Open_Source_Art_Hack

May 3 - June 30, 2002 at Zenith Media Lounge, New Museum of Contemporaray Art

In mainstream culture, “hacking” has many, mostly negative, connotations ranging from relatively harmless pranks, to economically quantified consequences, to criminal actions.  Particularly after September 11, the term has acquired new connotations, as have the related subjects of privacy, surveillance, and community. Open_Source_Art_Hack  presents the work of artists from the United States, Switzerland, Denmark, New Zealand, and the United Kingdom who approach hacking as a creative electronic strategy Rather than a merely destructive act.  Using media and technology tactically and transparently, these artists reveal and question institutional, governmental, corporate, and societal undermining of individual identity, local control, and citizen agency.


This exhibition is specifically about artists—and, more often, collectives—who adhere to principles of free access and the logic of shared culture.  “Open Source”— developed initially as a process for the community creation and ownership of software code—offers artists (and the users of their works) not only shared tools but also a transparent way of working that is as much about process as it is about product.  Many artists in this show work with everyday software tools—such as search engines, web browsers, identification systems, sound interfaces, and Internet protocols—intending their work to be distributed, and, in some cases, adapted by other users.
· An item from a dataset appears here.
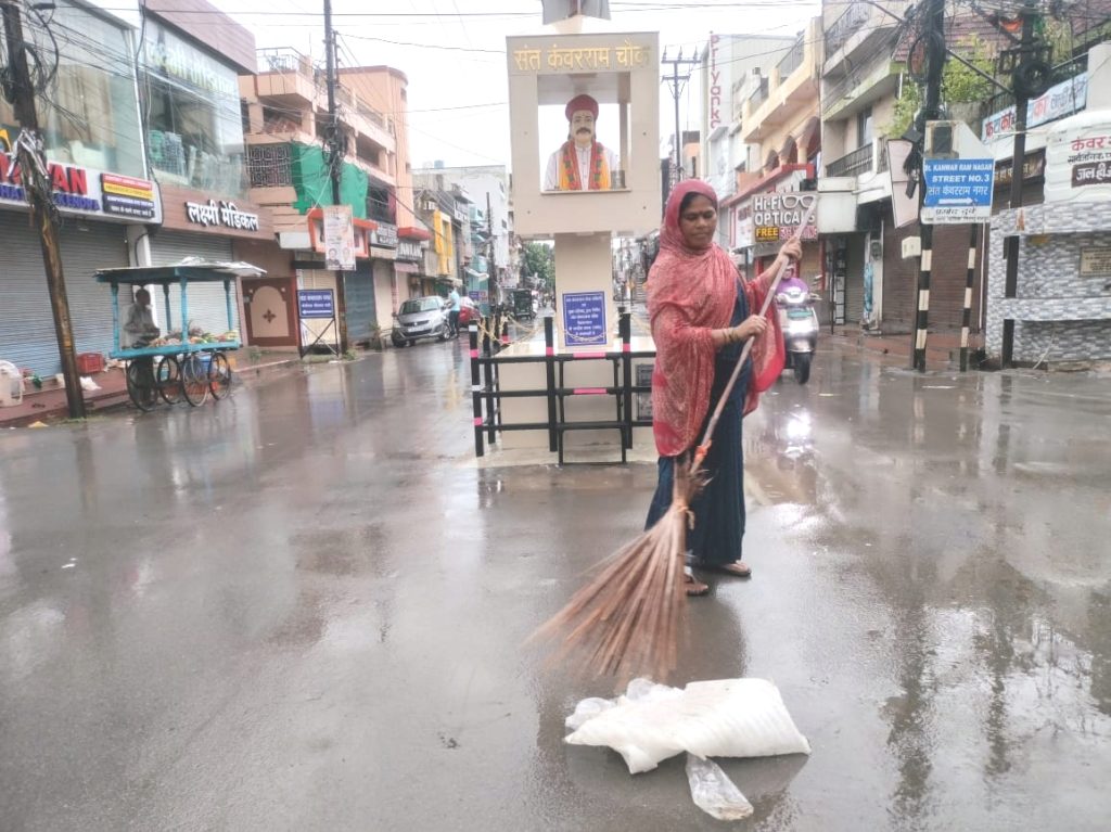 वार्ड में सभी सफाईकर्मी पूरी लगन से अपना काम कर रहे थे। इस नजारे ने आपको वार्ड के पार्षद अमर गिदवानी जी से बात करने के लिए प्रेरित किया। उनसे बात करने पर पता चला कि रात भर हुई बारिश के कारण बस्ती में पानी भर गया था, जिसकी सफाई का कार्य युद्धस्तर पर चल रहा था। सराहनीय बात यह है कि गिदवानी जी स्वयं भी सफाईकर्मियों के साथ मिलकर इस कार्य में हाथ बंटा रहे थे।

In this way, they share an important legacy with conceptual artists interested in the politics of distribution and display.

Open_Source_Art_Hack comprises performances, walking tours, networked art, video works, radio transmissions and a community-oriented television broadcast on the Internet.  Extending beyond the scope of the Media Lounge for the first time, the works in this show occupy the New Museum’s lobby, bookstore, and mezzanine, as well as public spaces in New York city.

This exhibition is organized by Steve Dietz, Curator of New Media, Walker Art Center, Minneapolis, and Jenny Marketou, a New York based artist, in collaboration with Anne Barlow.